Electrospinning of animal-free derived collagen-like protein: Development and characterization of VECOLLAN®- nanofibers for biomedical applications

This study investigates the potential of VECOLLAN®, a recombinant, novel, non-animal-derived collagen-like protein, for use in electrospinning applications relevant to biomedical and drug delivery sectors. Given the limitations of animal-derived collagens, including immunogenicity and variability, VECOLLAN® offers a promising alternative due to its biotechnological production and non-immunogenic, non-allergenic, and non-inflammatory properties. We optimized the electrospinning parameters for VECOLLAN® and examined the effects of a novel coaxial crosslinking approach on the dissolution and disintegration behaviors of the resultant fibers. Our results demonstrate that VECOLLAN®-based fibers can achieve varying degrees of water insolubility, influenced by crosslinker concentration and type of crosslinker. Additionally, the fibers exhibit distinct swelling behaviors. With the addition of hyaluronic acid, the water absorption capacity could be increased.
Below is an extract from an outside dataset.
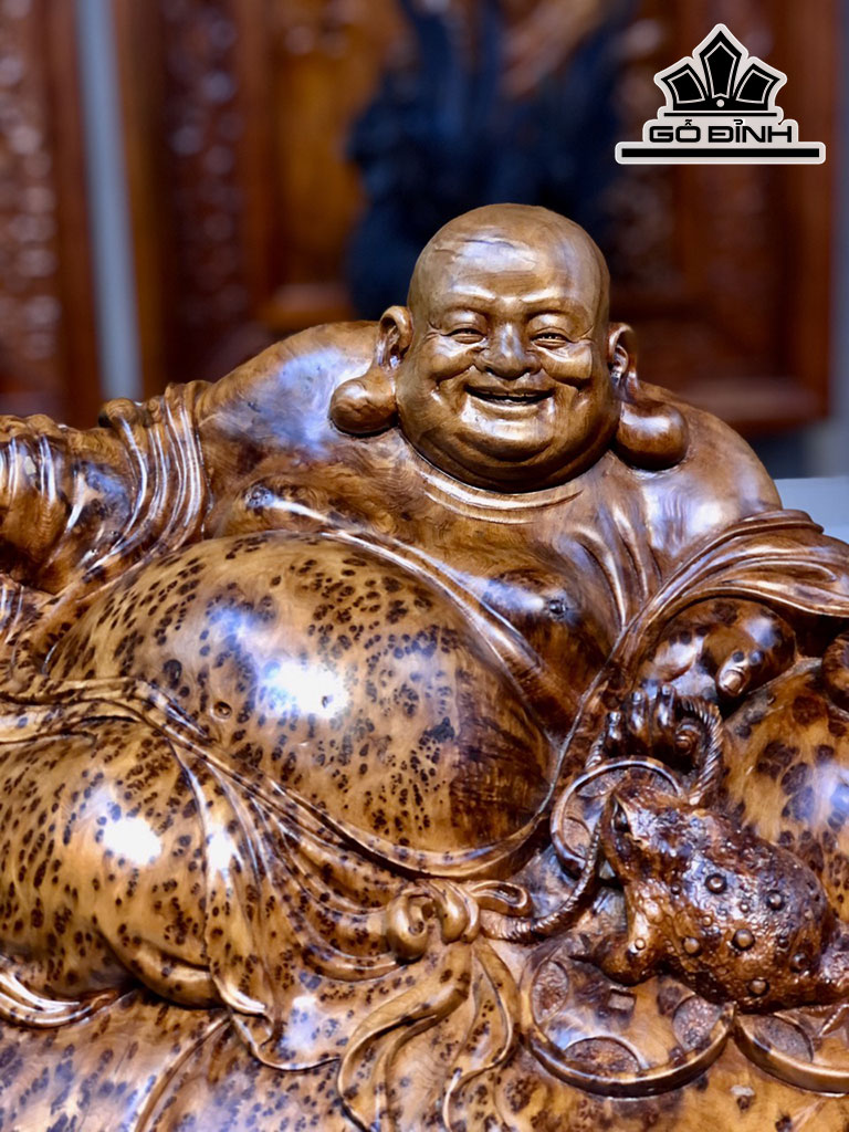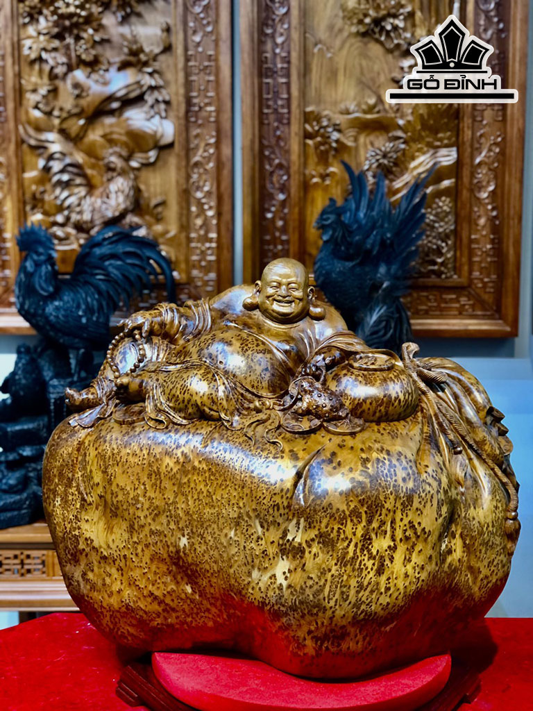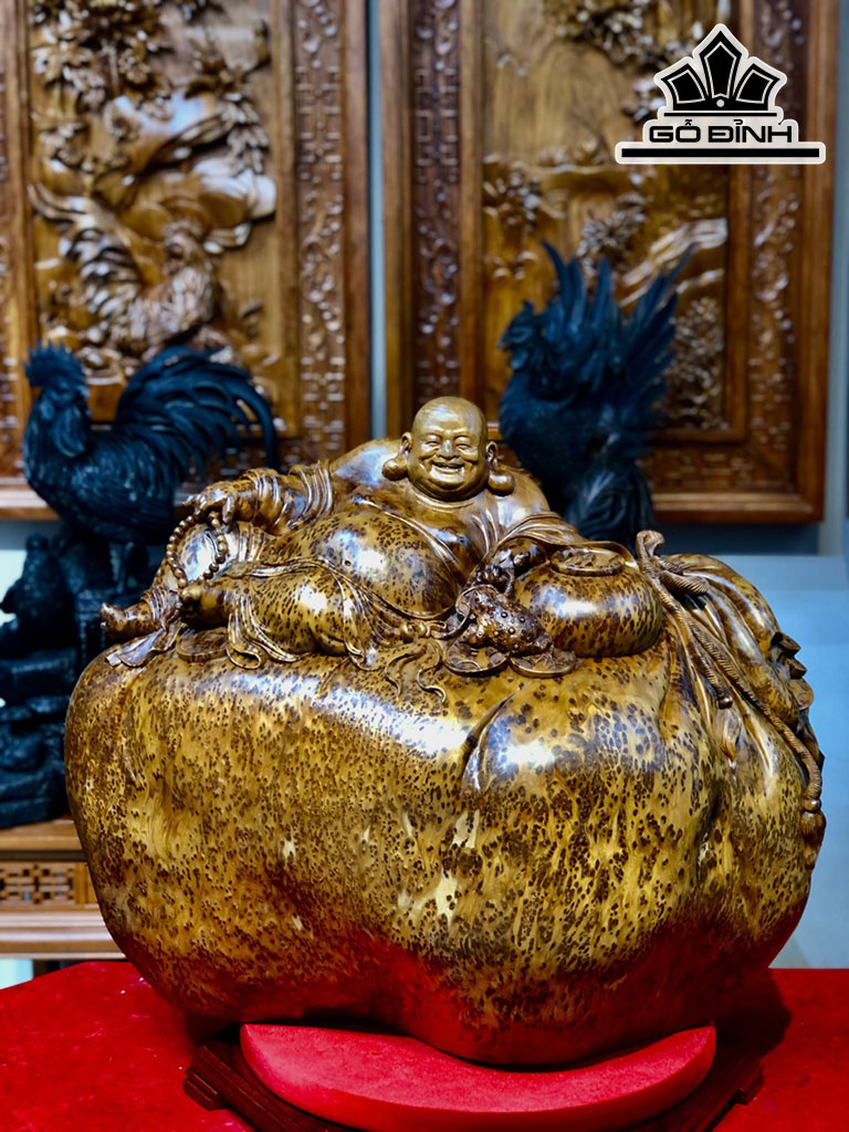 Tượng Phật Di Lặc Ngồi Bao Tiền Gỗ Nu Ngọc Am Cao 53 Ngang 75 Sâu 38 (cm)

We investigated the distribution of silver nanoparticles within the fibers, confirming the homogeneity of the coaxial electrospinning process. Mechanical tests revealed that increased crosslinker concentrations lead to greater stability and rigidity, while elastin incorporation improved elongation properties. This study lays the groundwork for developing electrospun fibers made from a non-animal-derived collagen-like protein, highlighting the potential for applications in drug delivery and tissue engineering. Future research should focus on assessing the biocompatibility of these fibers further to explore their utility as drug carriers or cell scaffolds. Overall, our findings underscore the promising properties of VECOLLAN®-based fibers in advancing innovative solutions in the biomedical and drug delivery sectors.